(SUPPLIED RECORDS begins)

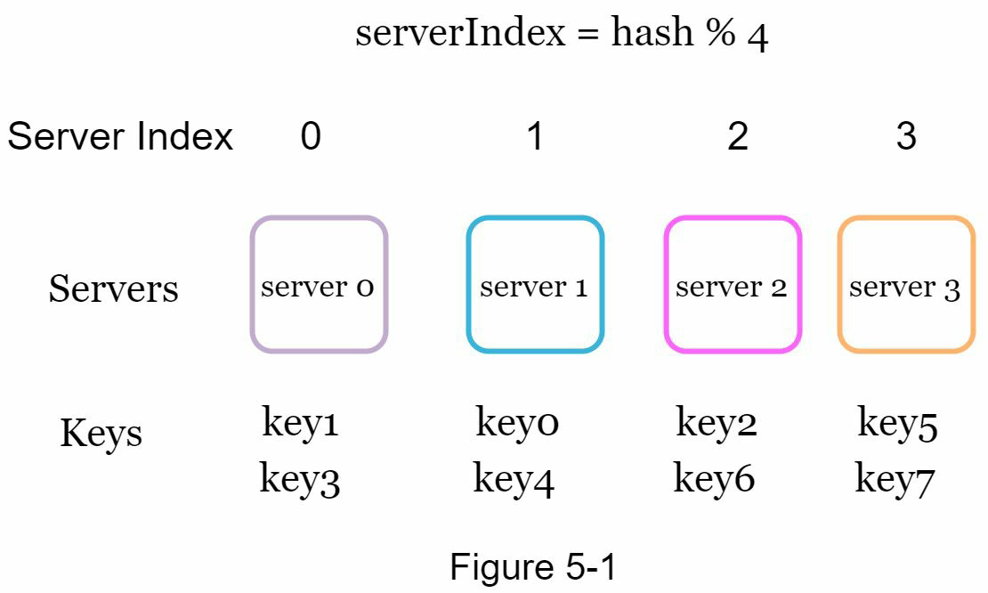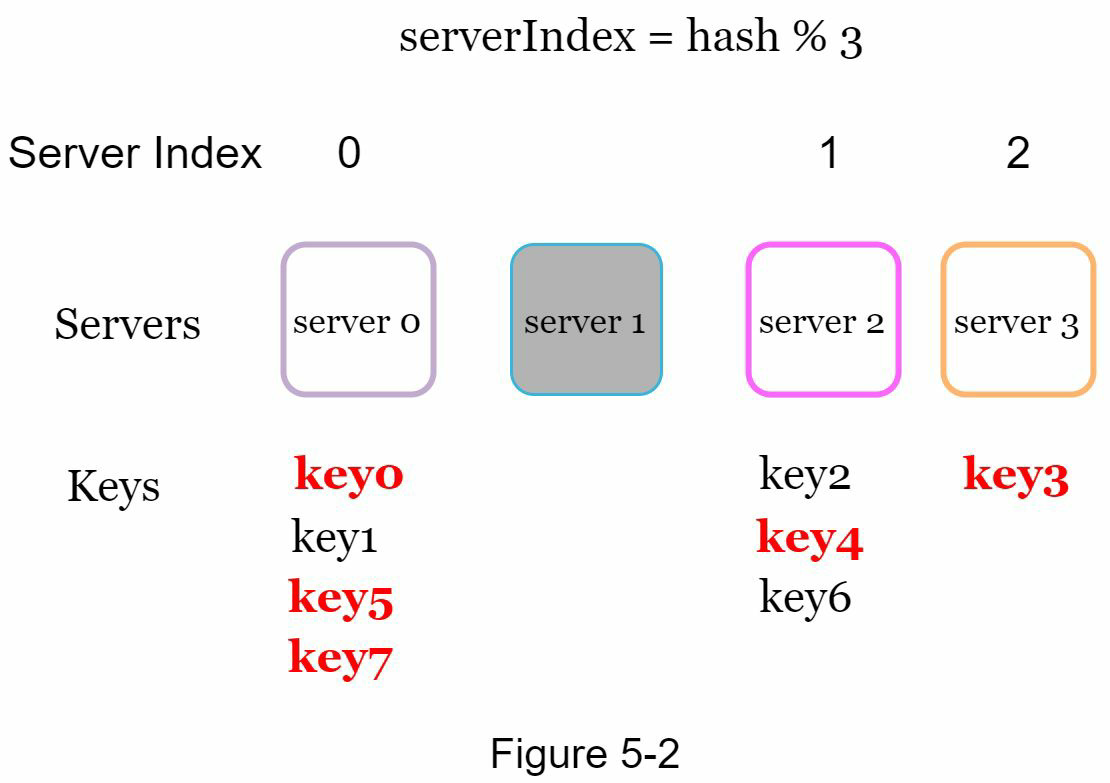 e.g. 1번 서버가 동작을 중단한 경우, 대부분의 키가 재분배되어 대규모 캐시 미스 발생
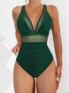 2025 New Cross-Border European And American Trade Solid Color Mesh Backless Sexy Bikini One-Piece Swimsuit Swimwear_desvips.com
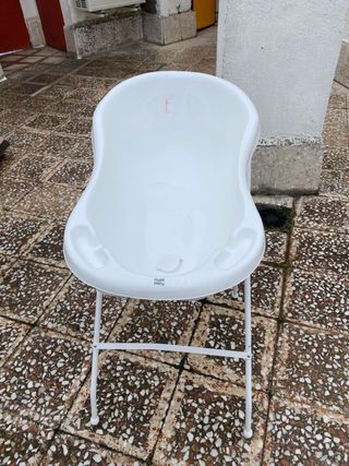 Bañera blanca para bebé con un práctico soporte. - Diseño ergonómico para mayor comodidad. - Soporte plegable para fácil almacenamiento. - Marca: Hulaj Baby. La pegatina decorativa que traía está desgastada. De resto, todo está perfecto.
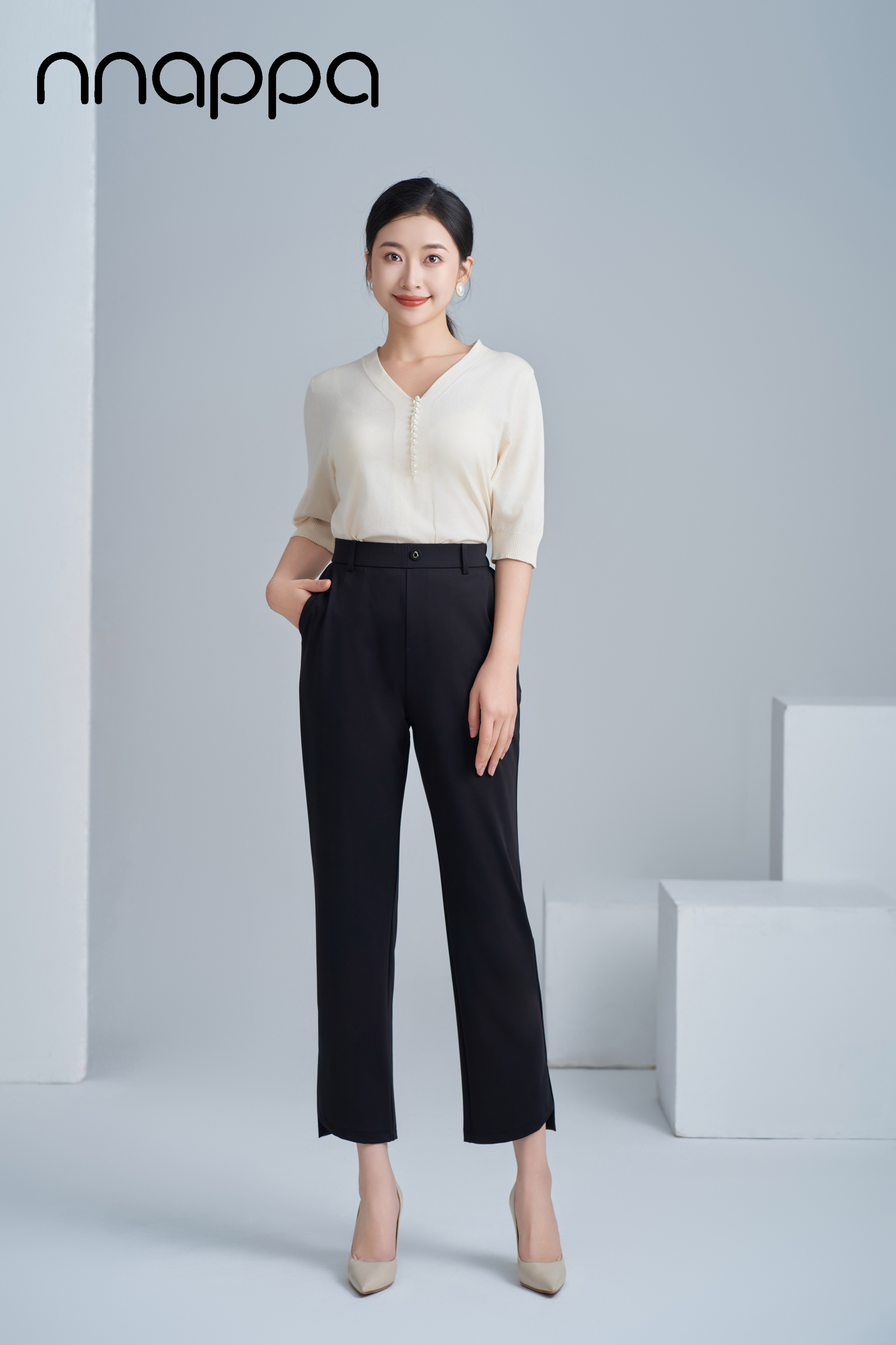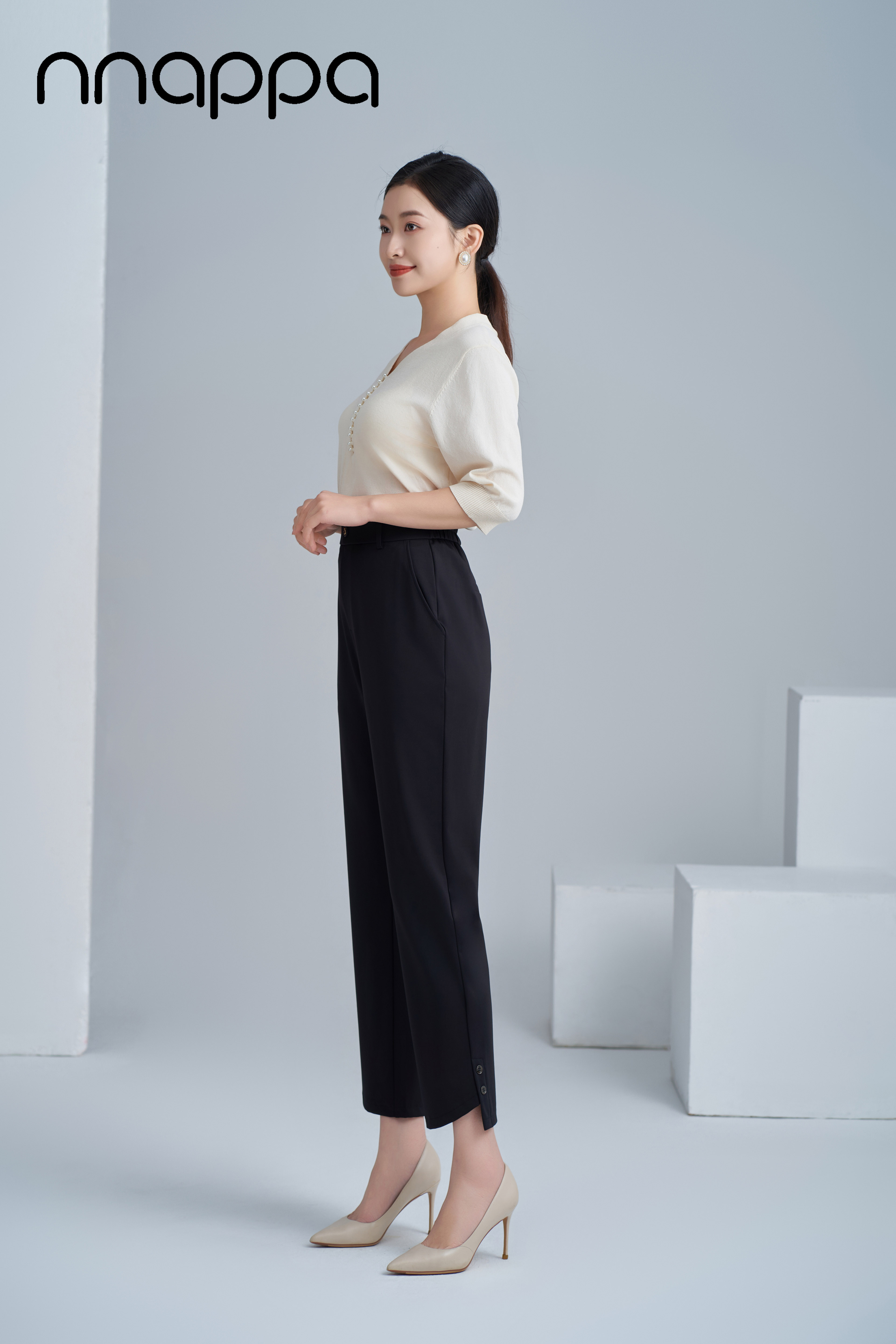 锦纶冰凉斜纹8分落差直筒裤PA29277
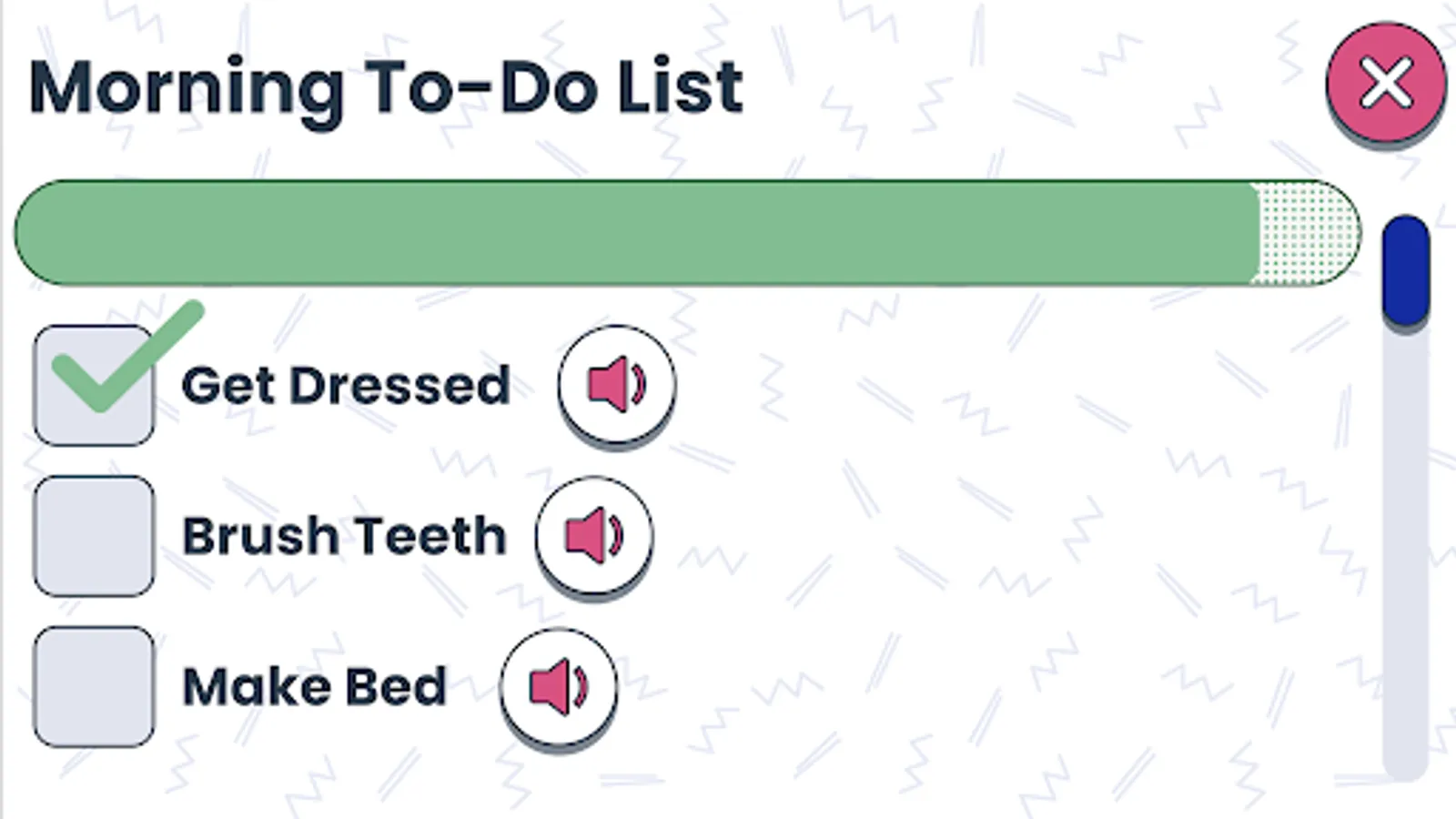 Motivate your kiddo with an integrated token board economy. Once they complete a to-do, they can get points towards rewards that you set!

(SUPPLIED RECORDS ends)

EXERCISE REQUIREMENTS: Since only the text is needed, retype the data above exactly and omit the pictures.

EXERCISE SOLUTION:
 e.g. 1번 서버가 동작을 중단한 경우, 대부분의 키가 재분배되어 대규모 캐시 미스 발생
 2025 New Cross-Border European And American Trade Solid Color Mesh Backless Sexy Bikini One-Piece Swimsuit Swimwear_desvips.com
 Bañera blanca para bebé con un práctico soporte. - Diseño ergonómico para mayor comodidad. - Soporte plegable para fácil almacenamiento. - Marca: Hulaj Baby. La pegatina decorativa que traía está desgastada. De resto, todo está perfecto.
 锦纶冰凉斜纹8分落差直筒裤PA29277
 Motivate your kiddo with an integrated token board economy. Once they complete a to-do, they can get points towards rewards that you set!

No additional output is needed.